Work request
Exactly the lines below starting at the line with "모든 양념을 다 넣고, 아까" and ending at the line with "Hipster glasses silhouette, nerd" are wanted, with both ends included. Leave out the pictures and add no other lines.

Given data
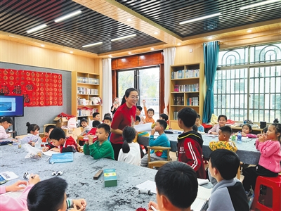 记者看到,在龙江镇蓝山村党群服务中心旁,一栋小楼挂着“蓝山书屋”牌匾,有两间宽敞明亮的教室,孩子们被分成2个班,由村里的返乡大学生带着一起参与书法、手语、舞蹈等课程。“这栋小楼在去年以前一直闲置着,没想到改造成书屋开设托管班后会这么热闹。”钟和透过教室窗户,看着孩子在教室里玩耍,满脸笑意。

---

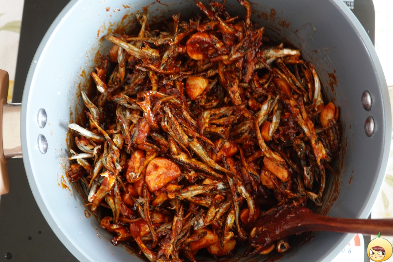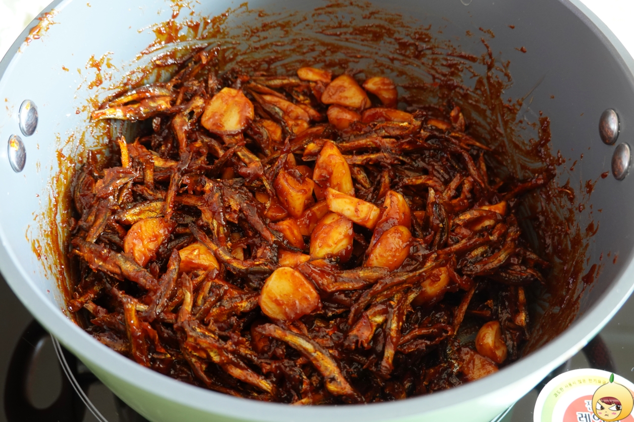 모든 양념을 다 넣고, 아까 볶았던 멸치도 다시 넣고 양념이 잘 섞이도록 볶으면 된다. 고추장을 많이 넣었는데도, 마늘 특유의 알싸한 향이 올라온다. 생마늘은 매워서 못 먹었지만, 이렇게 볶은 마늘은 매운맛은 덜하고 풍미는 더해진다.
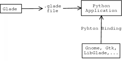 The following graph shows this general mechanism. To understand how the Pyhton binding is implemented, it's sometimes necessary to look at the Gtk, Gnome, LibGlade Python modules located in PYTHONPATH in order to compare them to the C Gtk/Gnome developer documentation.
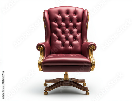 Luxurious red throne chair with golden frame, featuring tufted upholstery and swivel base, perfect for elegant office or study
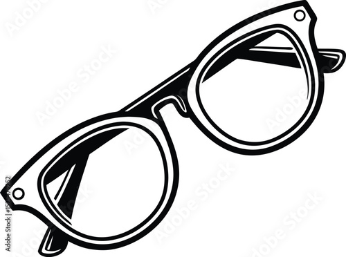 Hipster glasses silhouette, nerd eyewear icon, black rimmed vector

Written reply
 모든 양념을 다 넣고, 아까 볶았던 멸치도 다시 넣고 양념이 잘 섞이도록 볶으면 된다. 고추장을 많이 넣었는데도, 마늘 특유의 알싸한 향이 올라온다. 생마늘은 매워서 못 먹었지만, 이렇게 볶은 마늘은 매운맛은 덜하고 풍미는 더해진다.
 The following graph shows this general mechanism. To understand how the Pyhton binding is implemented, it's sometimes necessary to look at the Gtk, Gnome, LibGlade Python modules located in PYTHONPATH in order to compare them to the C Gtk/Gnome developer documentation.
 Luxurious red throne chair with golden frame, featuring tufted upholstery and swivel base, perfect for elegant office or study
 Hipster glasses silhouette, nerd eyewear icon, black rimmed vector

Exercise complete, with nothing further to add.